L'avocat de Washington, Kevin Wolf, ancien fonctionnaire du département du Commerce, a déclaré que la règle semblait être une "nouvelle et complexe expansion des contrôles à l'exportation américains" pour les articles liés aux puces fabriquées à l'étranger avec la technologie américaine et expédiés aux États-Unis. Huawei. Mais il a souligné que les puces conçues par des sociétés autres que Huawei et fabriquées avec la technologie américaine peuvent toujours être vendues à la société sans licence.

Alors que les nouvelles règles s'appliquent aux puces, quel que soit leur niveau de sophistication, un haut responsable du département d'État américain qui a également informé les journalistes vendredi a ouvert la porte à une certaine flexibilité pour l'entreprise, faisant écho à la compensation accordée à Huawei. par l'administration Trump précédemment.

«Il s'agit d'une exigence de licence. Cela ne signifie pas nécessairement que les choses sont refusées », a déclaré le responsable, ajoutant que la règle donne au gouvernement américain une plus grande« visibilité »des envois de fonds. "Ce qui est fait avec ces applications, nous devons voir ... Chaque application sera jugée sur ses mérites."

Après avoir empêché Huawei d'acheter auprès de fournisseurs américains, le Département du commerce a accordé des licences à certains des plus grands partenaires américains de Huawei pour continuer à vendre à la société, ainsi que pour permettre aux petites entreprises de télécommunications rurales de continuer à acheter des équipements Huawei pour garder vos réseaux opérationnels.

Tir dans le pied

Huawei, qui a besoin de semi-conducteurs pour son smartphone et son équipement de télécommunications, s'est retrouvé au centre d'une bataille pour la domination technologique mondiale entre les États-Unis et la Chine, dont la relation s'est détériorée ces derniers mois sur les origines du coronavirus mortel.

Bien que le changement de règle vise à comprimer Huawei et à frapper les fonderies de puces sur lesquelles il est basé, les fabricants américains d'équipements de fabrication de puces peuvent faire face à des difficultés à long terme si les fabricants de puces développent de nouvelles sources d'équipement hors de portée. Règles américaines.

Mais pour l'instant, la plupart des fabricants de puces comptent sur des équipements produits par des sociétés américaines comme KLA, Lam Research et Applied Materials, qui n'ont pas répondu aux demandes de commentaires.

Alors que certains des outils complexes nécessaires à la fabrication de puces proviennent d'entreprises en dehors des États-Unis, telles que Tokyo Electron et Hitachi au Japon et ASML des Pays-Bas, les analystes disent qu'il serait difficile d'assembler une chaîne d'outils complète pour fabriquer des semi-conducteurs avancés sans au moins certains équipements Les Américains.

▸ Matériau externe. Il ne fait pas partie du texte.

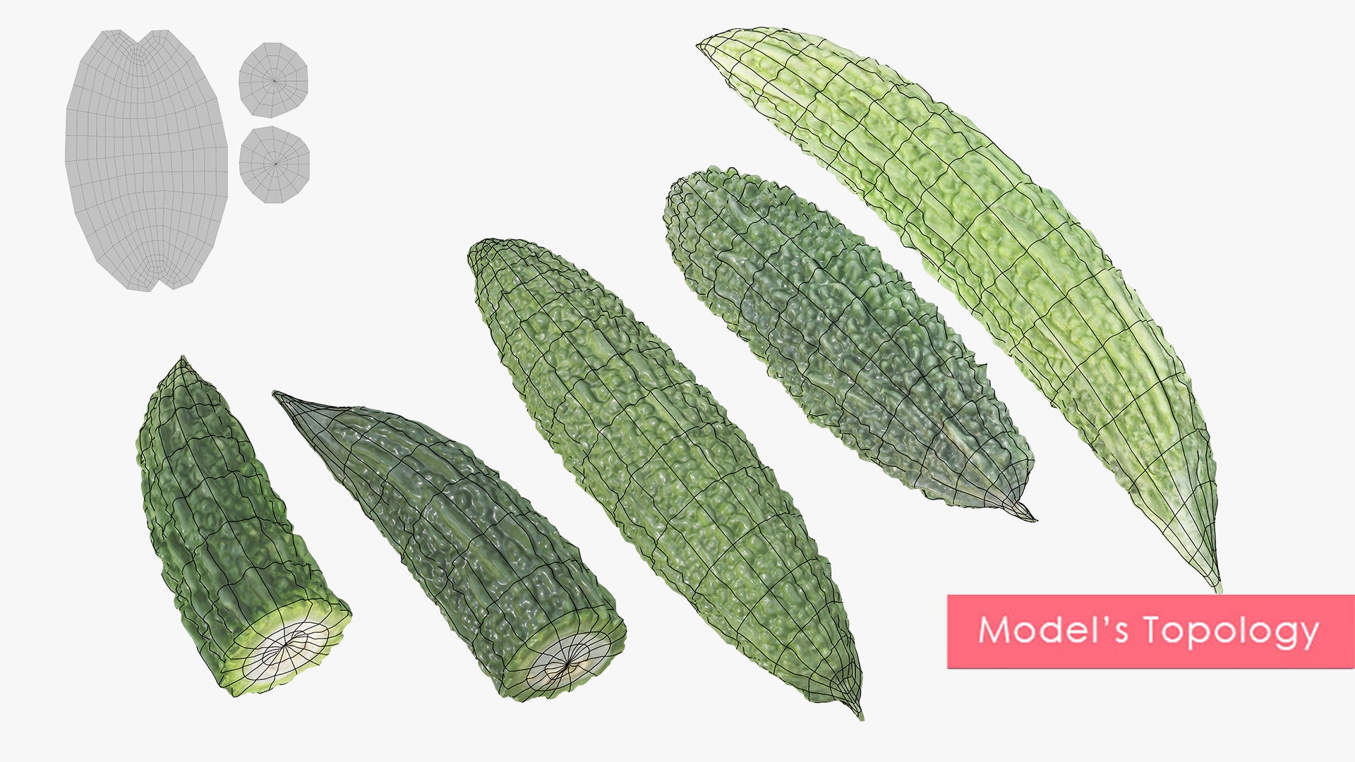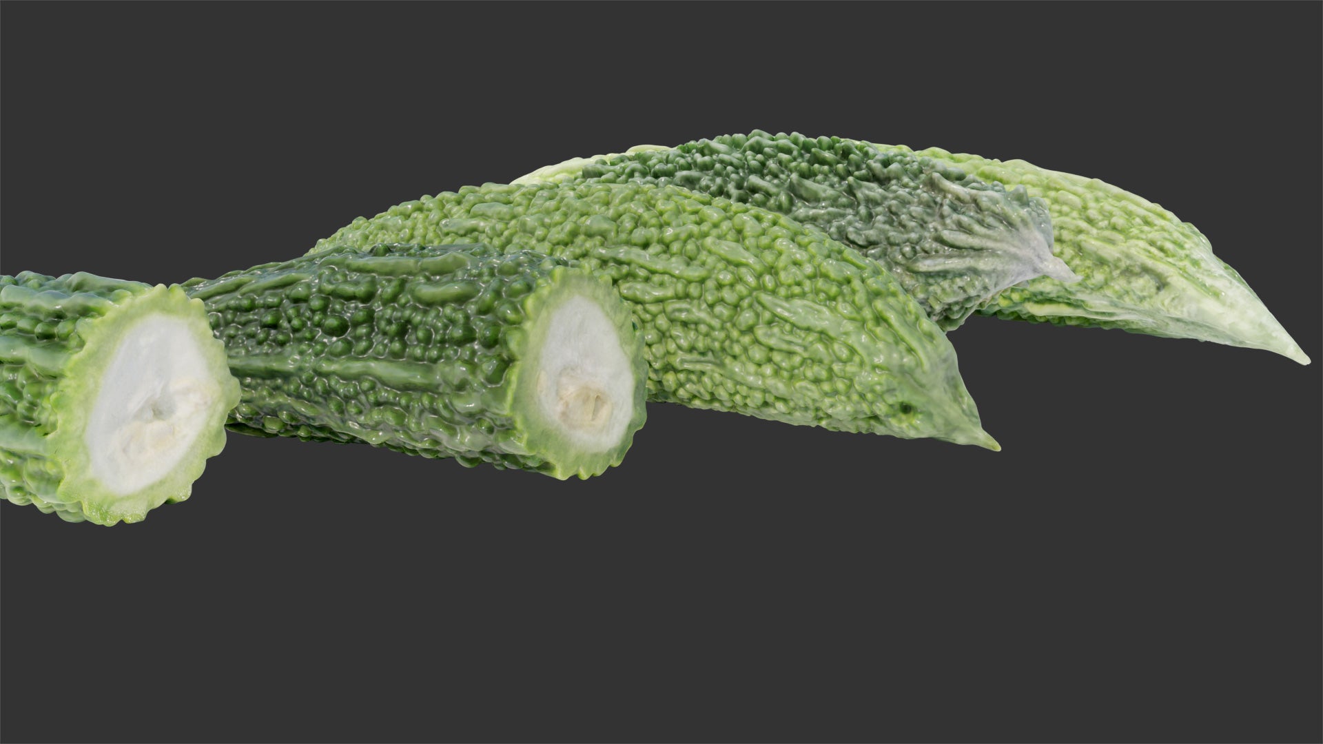 This is a digital 3D model of five bitter gourds of the Japanese variety (nigauri, goya), scanned and retopologized from real fruits. The resulting models have an excellent quality and detail, while maintaining a very small poly count.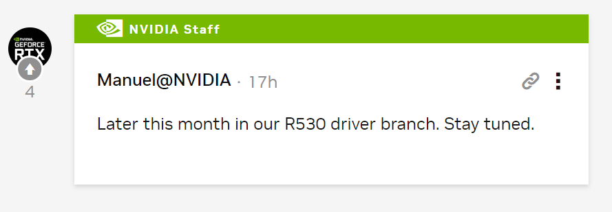Nah, sekarang NVIDIA mengumumkan driver baru tersebut akan segera hadir. Selain itu, NVIDIA juga membenarkan bahwa VSR pada browser Chrome hanya bisa bekerja dengan driver R530 atau yang lebih baru. Driver R520 (528.49) yang baru dirilis pekan ini belum mendukung pengaktifan VSR via NVIDIA Control Panel.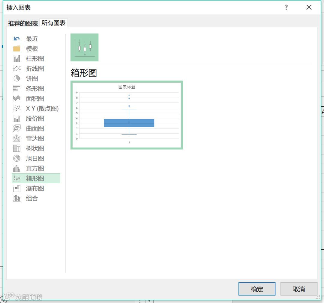 Excel 2016 可以直接制作箱型图。Excel的箱型图定位6个数据:最大值、最小值、中位数、上四分位数、下四分位数、平均值,还有异常值。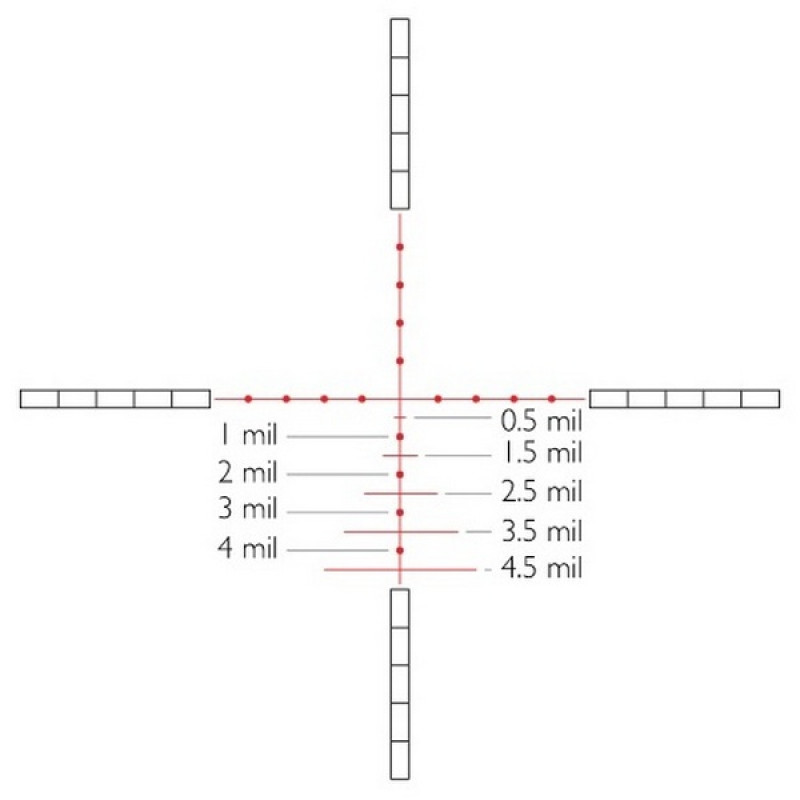 - Подсветка прицельной сетки: красная с плавной бесступенчатой регулировкой яркости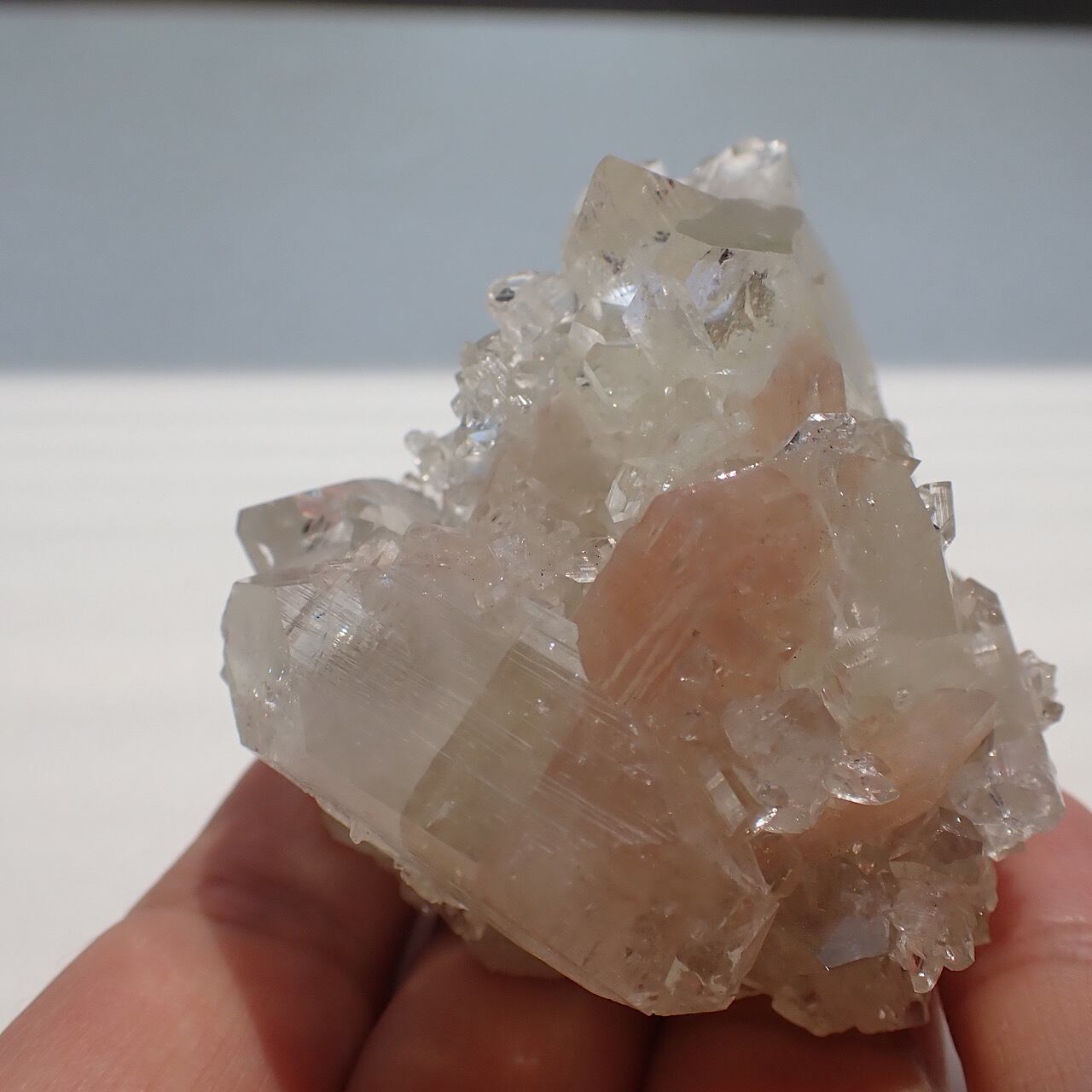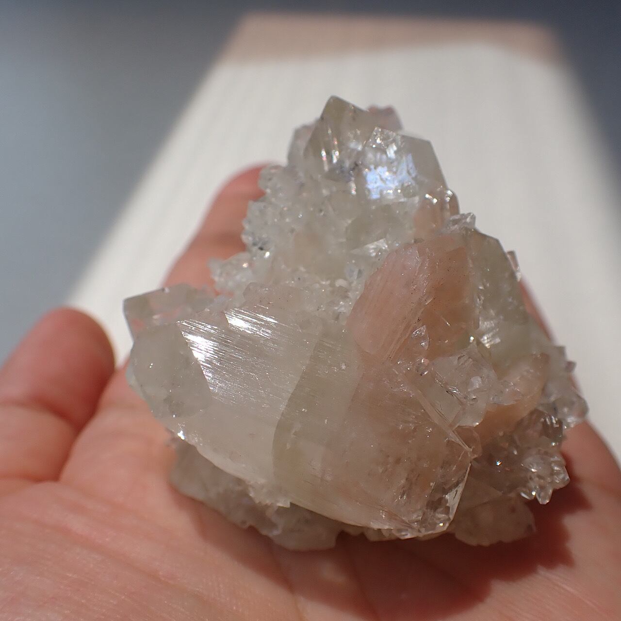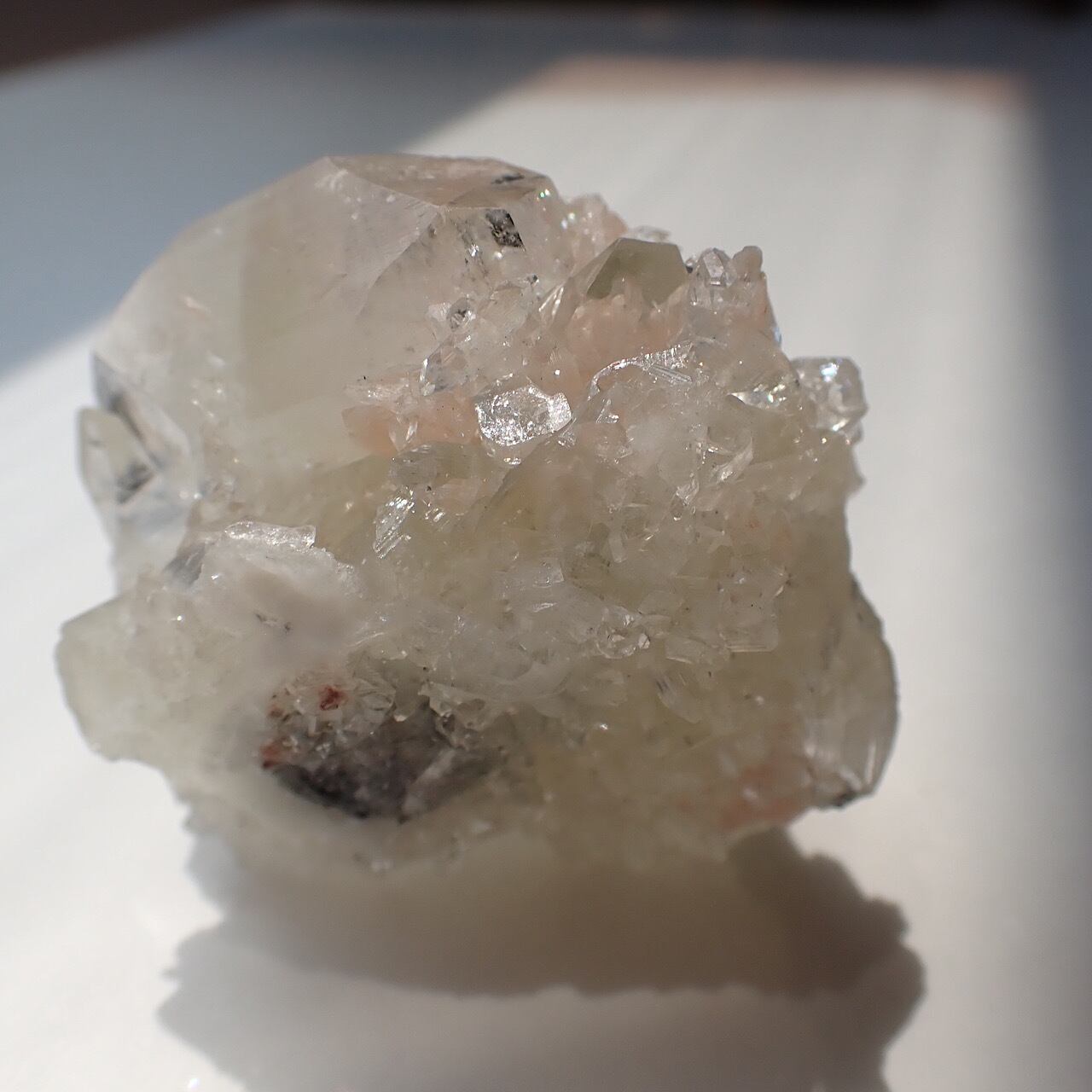 少し黄色がかったアポフィライトで、結晶の一つ一つがとても綺麗です。透明やグリーンのアポフィライトも良いですが、こちらもレアで素敵です。アポフィライトの透明度の高い結晶が放つ光はとても神々しく、サードアイを活性化させてくれます。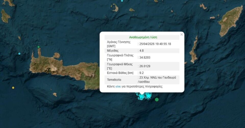 Νέα σεισμική δόνηση ταρακούνησε το Λασίθι το βράδυ του Σαββάτου 25.04.2026, με τον σεισμό να έχει μέγεθος 4,8 βαθμών της κλίμακας Ρίχτερ.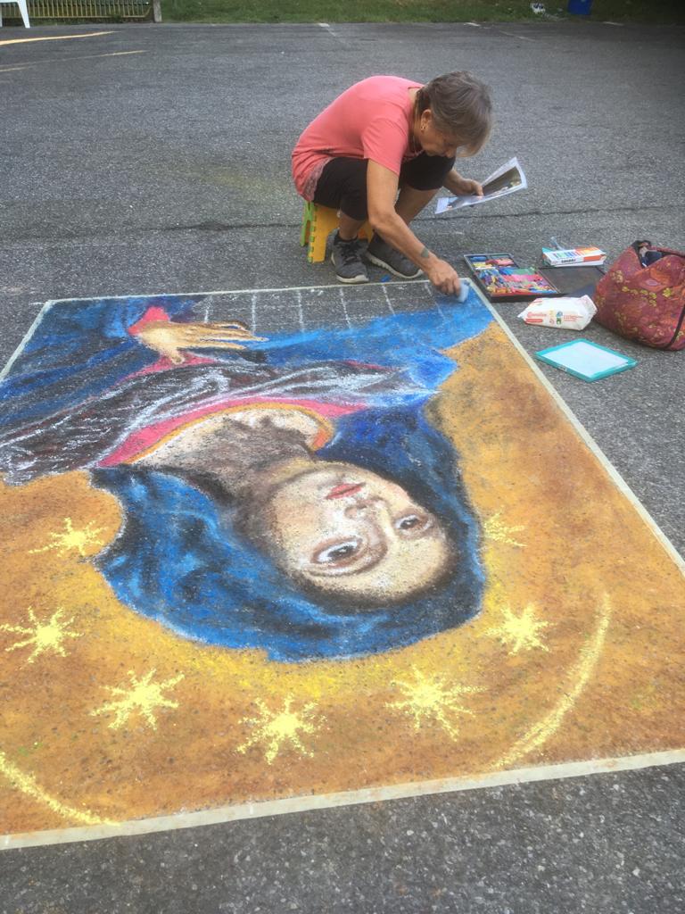 Alcuni di questi, poi, resteranno e non saranno spazzati via da pioggia e tempo, come avviene con le opere realizzate su porfido e asfalto. La Pro Loco ha infatti messo a disposizione alcuni quadranti, sui quali le Madonne o i soggetti dipinti coi gessetti resteranno per sempre.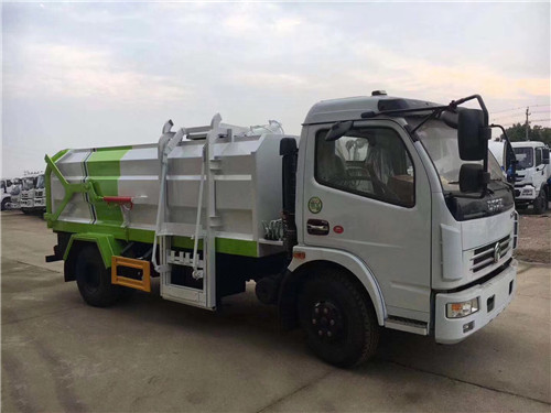 另外側裝垃圾車與壓縮式垃圾車的結構體為:推板壓縮,掛桶側裝,垃圾站對接,垃圾自卸裝置。通過拉桿提升垃圾桶自動倒入垃圾,并往車廂后方推動擠壓垃圾,達到壓縮垃圾的目的,壓縮原理是采用機、電、液壓聯動控制系統、電腦控制及手動操作系統,通過填裝器和推鏟等裝置實現垃圾倒入,壓碎或壓扁,并將垃圾擠入車廂并壓實和推卸;從而實現對接壓縮垃圾車塊轉運運輸功能等。
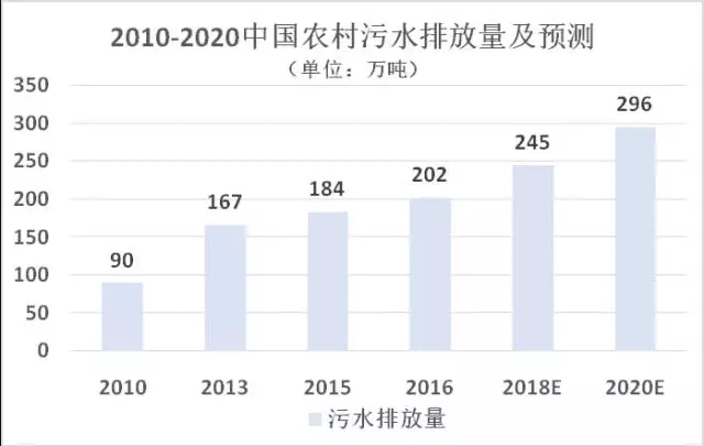 目前,農(nóng)村水污染物排放量占全國水污染物排放量50%以上,根據(jù)前瞻產(chǎn)業(yè)研究院發(fā)布的《2017-2022年中國農(nóng)村污水處理行業(yè)發(fā)展前景預測與投資戰(zhàn)略規(guī)劃分析報告》顯示:2016年我國農(nóng)村污水排放量達到202萬噸,2010-2016年復合增速超過10%,預測到2020年可達到近300萬噸,由此可見農(nóng)村污水排放量體量驚人,我國農(nóng)村污水處理的市場需求十分劇烈!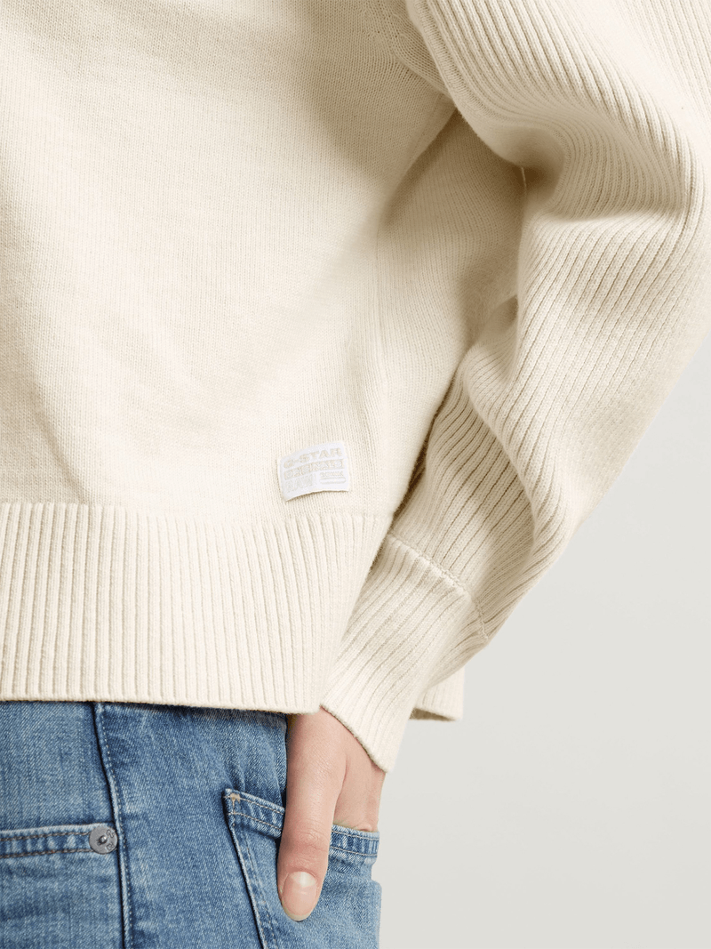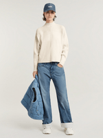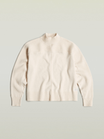 The Boxy Jumper Mock features a relaxed, cropped silhouette with a loose fit. Ribbed shoulder detailing extends into an upper arm panel, while a 3D stripe at the front and back brings dimension and edge.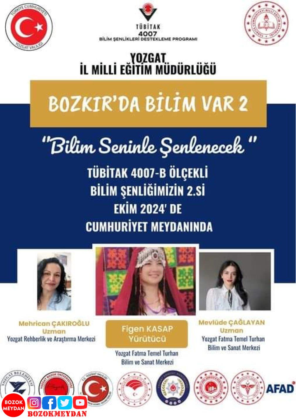 Yozgat İl Millî Eğitim Müdürlüğü tarafından hazırlanan ve Fatma Temel Turhan Bilim Sanat Merkezi öğretmeni Figen Kasap’ın yürütücülüğünü yaptığı “Bozkır’da Bilim Var 2” projesi, TÜBİTAK 4007 Bilim Şenliği Destekleme Programı B (Orta) Ölçekli Kategorisinde Türkiye genelinde yapılan 35 başvurudan destek almaya hak kazanan 9 proje arasında yer aldı.

Le fardeau de la gestion de la nouvelle règle sera probablement ressenti par des fonderies comme TSMC qui achètent les outils, plutôt que par des sociétés américaines de semi-conducteurs comme Qualcomm Inc ou Nvidia Corp, qui utilisent ces fonderies dans le cadre de leur chaîne d'approvisionnement.

"Nous craignons que cette règle ne crée des incertitudes et des perturbations pour la chaîne d'approvisionnement mondiale des semi-conducteurs, mais elle semble être moins préjudiciable à l'industrie américaine des semi-conducteurs que les approches très larges précédemment envisagées", a déclaré le directeur général de l'association industrielle. Semiconductor, John Neuffer, dans un communiqué.